Problem: Restate word for word the material below, starting at the line that contains "Pink top with" and stopping after the last line; skip pictures.

--- Dataset section ---

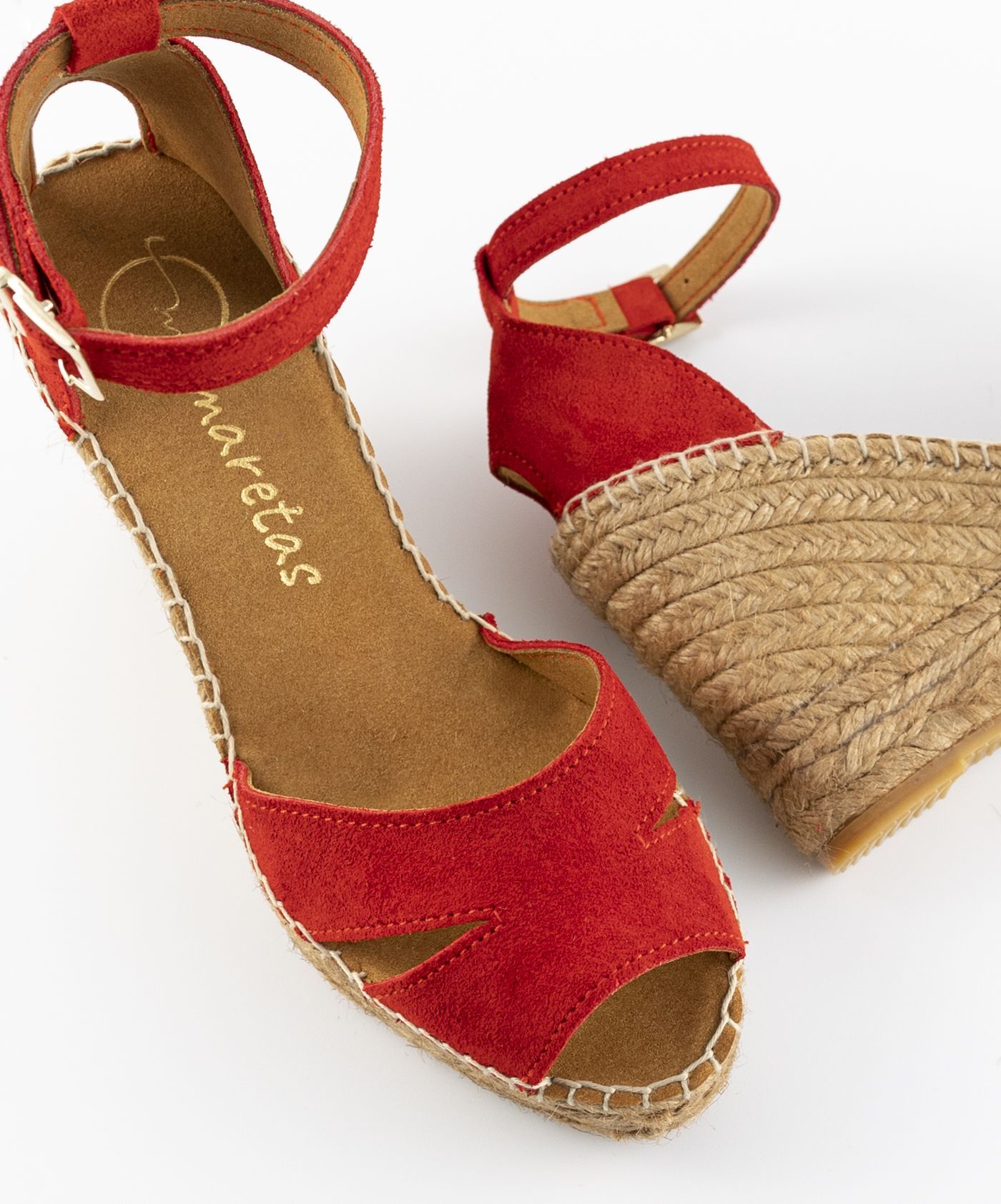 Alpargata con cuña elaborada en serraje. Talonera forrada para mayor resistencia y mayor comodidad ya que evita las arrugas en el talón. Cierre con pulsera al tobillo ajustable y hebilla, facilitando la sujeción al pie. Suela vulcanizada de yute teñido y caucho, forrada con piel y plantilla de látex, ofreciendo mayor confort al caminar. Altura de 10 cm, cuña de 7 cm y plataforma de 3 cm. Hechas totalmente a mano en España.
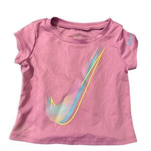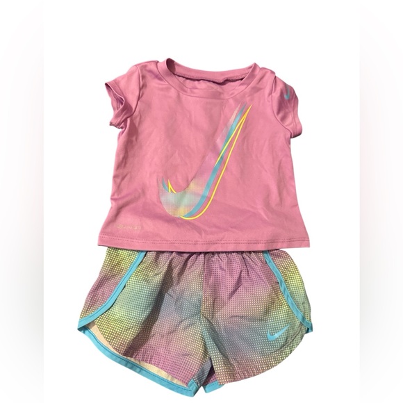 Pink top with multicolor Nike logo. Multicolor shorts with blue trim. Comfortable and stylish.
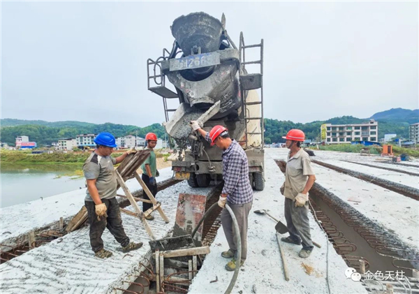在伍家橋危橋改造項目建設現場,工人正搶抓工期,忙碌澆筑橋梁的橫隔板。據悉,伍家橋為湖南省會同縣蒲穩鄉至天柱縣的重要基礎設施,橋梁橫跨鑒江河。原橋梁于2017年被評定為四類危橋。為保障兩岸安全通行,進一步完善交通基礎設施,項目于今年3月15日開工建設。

---

Response:
 Pink top with multicolor Nike logo. Multicolor shorts with blue trim. Comfortable and stylish.
在伍家橋危橋改造項目建設現場,工人正搶抓工期,忙碌澆筑橋梁的橫隔板。據悉,伍家橋為湖南省會同縣蒲穩鄉至天柱縣的重要基礎設施,橋梁橫跨鑒江河。原橋梁于2017年被評定為四類危橋。為保障兩岸安全通行,進一步完善交通基礎設施,項目于今年3月15日開工建設。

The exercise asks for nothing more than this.